Advanced Lesson 1
Regular Expressions
Chapter 3: Quantifiers
Kleene star
So far we have only written regular expressions for a fixed number of characters.
What if I want a regular expression that accepts all the following: b, ba, baa, baaa, baaaa, baaaaa, baaaaaa, baaaaaaa, baaaaaaaa, baaaaaaaaa, baaaaaaaaa, etc.

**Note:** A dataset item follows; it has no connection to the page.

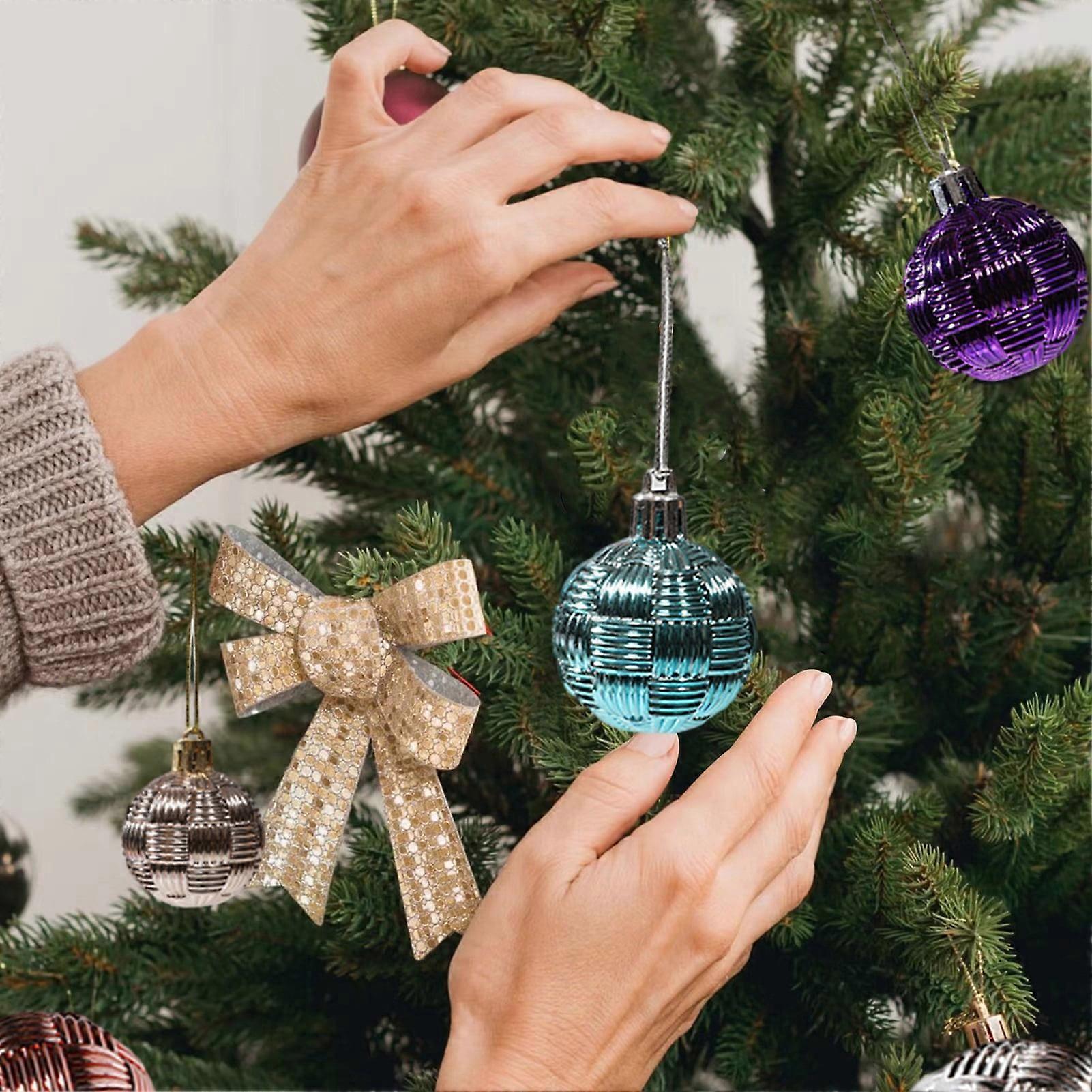SUSUchens 6Pcs 4CM Christmas Balls, Colorful Glossy Braided Shatterproof Plastic Ornaments Compatible with Xmas Trees, Reusable Holiday Decorations

This is easy. Just say "ba*", where * means “zero or more times”.
>>> pattern = "ba*"
>>> re.match(pattern, "b")
<re.Match object; span=(0, 1), match='b'>
>>> re.match(pattern, "ba")
<re.Match object; span=(0, 2), match='ba'>
>>> re.match(pattern, "baaaaaaaaaaaaa")
<re.Match object; span=(0, 14), match='baaaaaaaaaaaaa'
The star * is called the Kleene star, named after our Mathematician friend Stephen Kleene.
Quick task
Write a regular expression where the first letter is a "b", followed by zero or more characters (any character except "!"), and followed by a "!".
Example valid strings: b!, ba!, bdsf^123!
Example invalid strings: daaad!, ba1a?2@cd
>>> pattern = "b.*!"
>>> re.match(pattern, "b!")
<re.Match object; span=(0, 2), match='b!'>
>>> re.match(pattern, "b7$!")
<re.Match object; span=(0, 4), match='b7$!'>
>>> re.match(pattern, "ba1a?2@cd") # None
>>> re.match(pattern, "daaad!") # None
>>>
You can also use "b[^!]*!" if you want to be more explicit, but a simple “any character” wildcard as above will work.